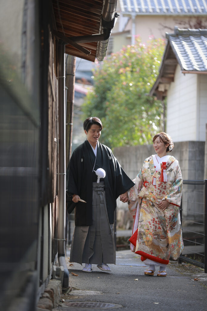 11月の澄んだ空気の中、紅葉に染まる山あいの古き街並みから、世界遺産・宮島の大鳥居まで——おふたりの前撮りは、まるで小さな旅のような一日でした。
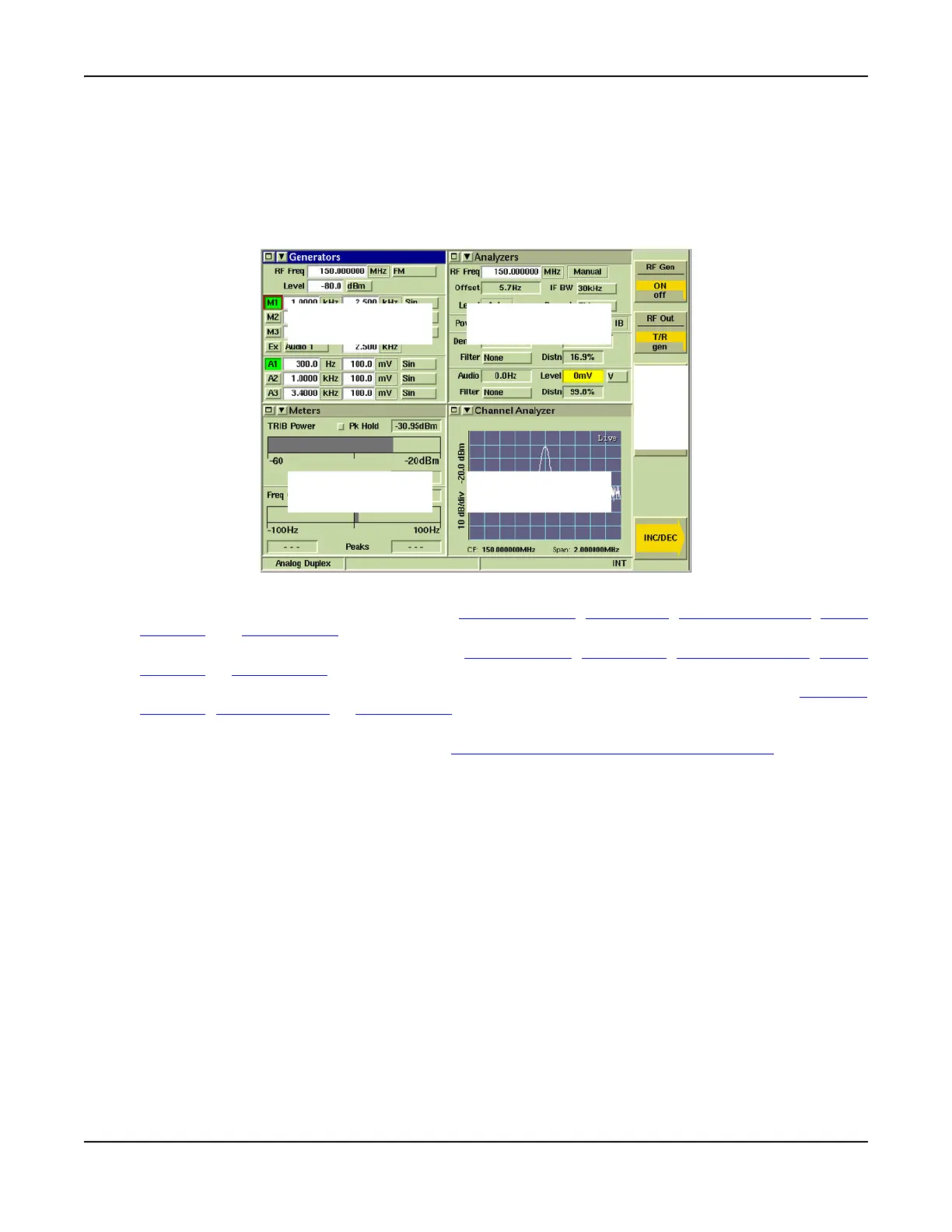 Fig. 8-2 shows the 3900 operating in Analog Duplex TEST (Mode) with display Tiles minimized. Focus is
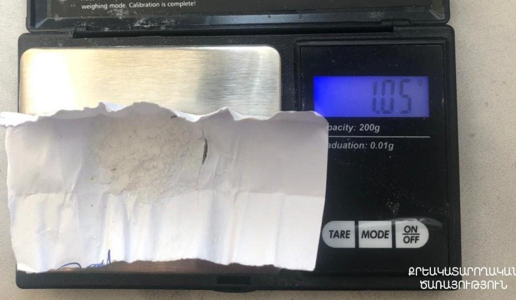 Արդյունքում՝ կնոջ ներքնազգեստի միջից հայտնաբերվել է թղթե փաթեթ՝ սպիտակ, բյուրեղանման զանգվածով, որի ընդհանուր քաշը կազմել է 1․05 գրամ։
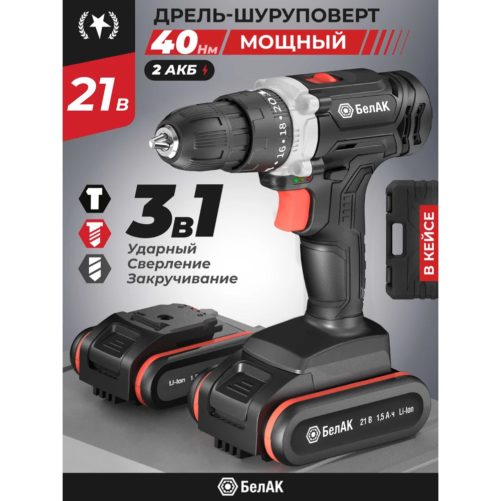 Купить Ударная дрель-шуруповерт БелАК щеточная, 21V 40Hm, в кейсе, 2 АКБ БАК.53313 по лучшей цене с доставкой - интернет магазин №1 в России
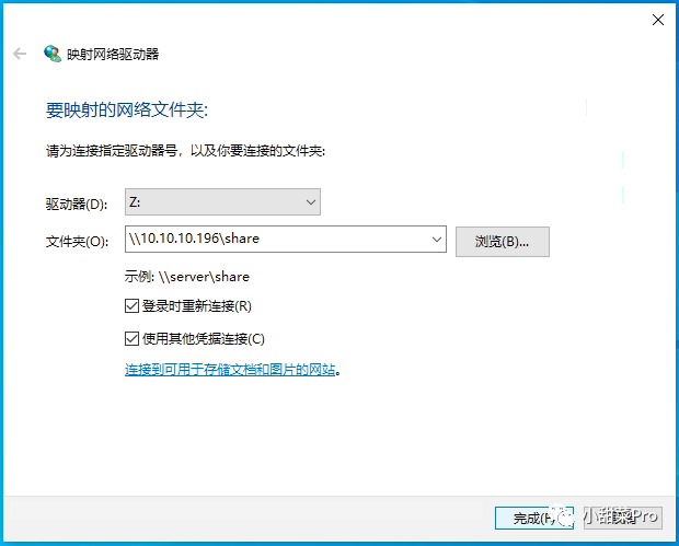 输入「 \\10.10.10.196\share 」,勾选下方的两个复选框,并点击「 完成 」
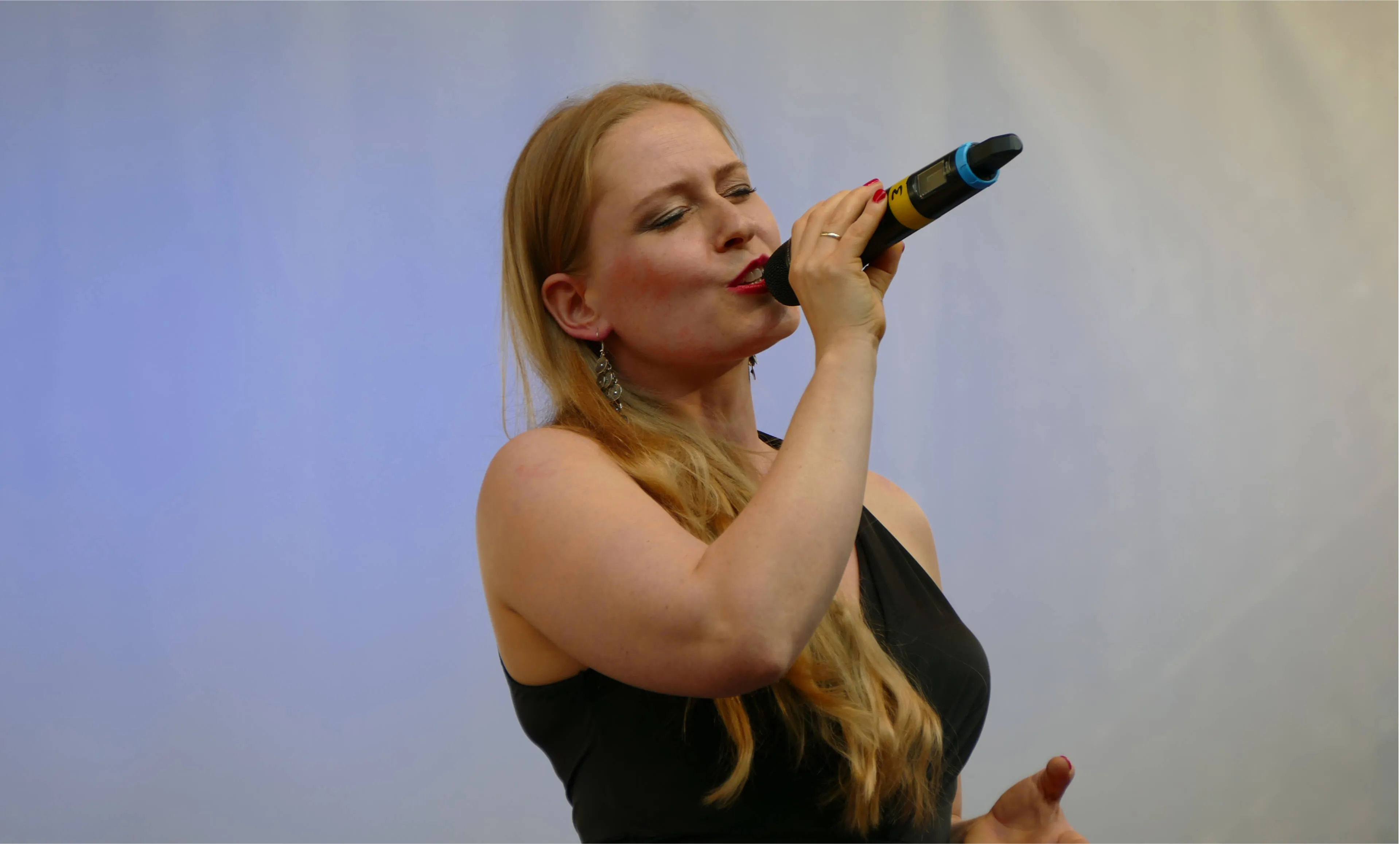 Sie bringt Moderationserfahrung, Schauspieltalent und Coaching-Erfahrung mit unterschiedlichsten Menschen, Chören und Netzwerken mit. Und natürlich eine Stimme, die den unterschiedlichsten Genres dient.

────────────────────────────────────────

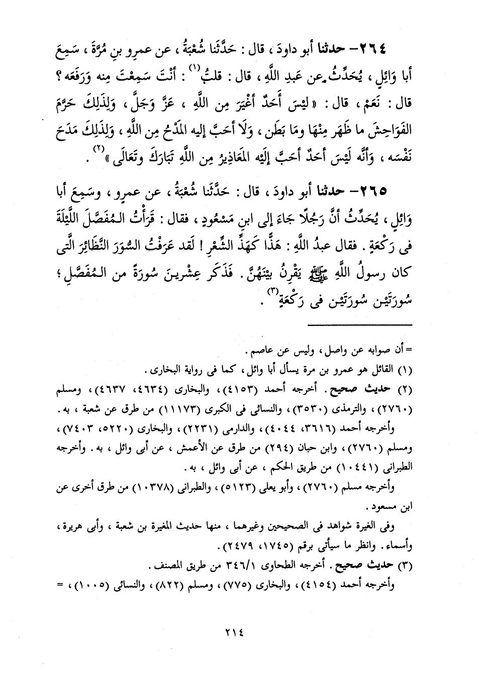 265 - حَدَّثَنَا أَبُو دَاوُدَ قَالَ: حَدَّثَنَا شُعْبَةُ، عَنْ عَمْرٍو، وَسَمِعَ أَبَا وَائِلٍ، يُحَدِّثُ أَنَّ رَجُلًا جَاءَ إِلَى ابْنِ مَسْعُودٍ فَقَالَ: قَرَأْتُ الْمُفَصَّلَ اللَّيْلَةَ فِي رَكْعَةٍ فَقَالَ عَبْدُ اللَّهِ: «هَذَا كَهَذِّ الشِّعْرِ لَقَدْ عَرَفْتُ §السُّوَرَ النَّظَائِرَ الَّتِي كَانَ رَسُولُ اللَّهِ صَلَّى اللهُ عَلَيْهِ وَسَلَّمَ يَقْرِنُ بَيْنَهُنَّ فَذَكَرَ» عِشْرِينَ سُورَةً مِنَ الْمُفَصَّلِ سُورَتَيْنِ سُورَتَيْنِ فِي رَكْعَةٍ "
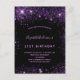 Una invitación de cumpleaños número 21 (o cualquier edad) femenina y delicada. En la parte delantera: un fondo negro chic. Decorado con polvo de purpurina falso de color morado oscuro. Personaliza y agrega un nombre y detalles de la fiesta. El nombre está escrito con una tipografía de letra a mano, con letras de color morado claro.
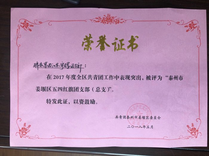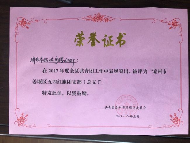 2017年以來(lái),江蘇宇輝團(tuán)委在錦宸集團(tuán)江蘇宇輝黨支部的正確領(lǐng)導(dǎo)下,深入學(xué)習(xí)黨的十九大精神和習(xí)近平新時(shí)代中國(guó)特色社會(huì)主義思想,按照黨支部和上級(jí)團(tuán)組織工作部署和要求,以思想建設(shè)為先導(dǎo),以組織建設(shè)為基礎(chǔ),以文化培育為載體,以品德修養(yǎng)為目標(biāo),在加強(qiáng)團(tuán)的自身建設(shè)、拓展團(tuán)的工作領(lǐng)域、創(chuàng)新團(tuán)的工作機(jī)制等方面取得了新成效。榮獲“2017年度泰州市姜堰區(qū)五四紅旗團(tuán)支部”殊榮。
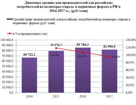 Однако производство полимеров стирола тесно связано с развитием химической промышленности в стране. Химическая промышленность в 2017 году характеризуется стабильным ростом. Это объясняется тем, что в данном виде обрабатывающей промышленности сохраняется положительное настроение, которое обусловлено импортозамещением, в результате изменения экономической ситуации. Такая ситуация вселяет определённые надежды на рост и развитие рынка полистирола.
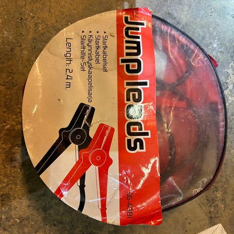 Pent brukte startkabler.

────────────────────────────────────────

Requirement
Using the listing above, reproduce word for word every line from the one containing "11月の澄んだ空気の中、紅葉" through the one containing "Fig. 8-2 shows". Pictures must be left out.

Solution to the problem
 11月の澄んだ空気の中、紅葉に染まる山あいの古き街並みから、世界遺産・宮島の大鳥居まで——おふたりの前撮りは、まるで小さな旅のような一日でした。
 Fig. 8-2 shows the 3900 operating in Analog Duplex TEST (Mode) with display Tiles minimized. Focus is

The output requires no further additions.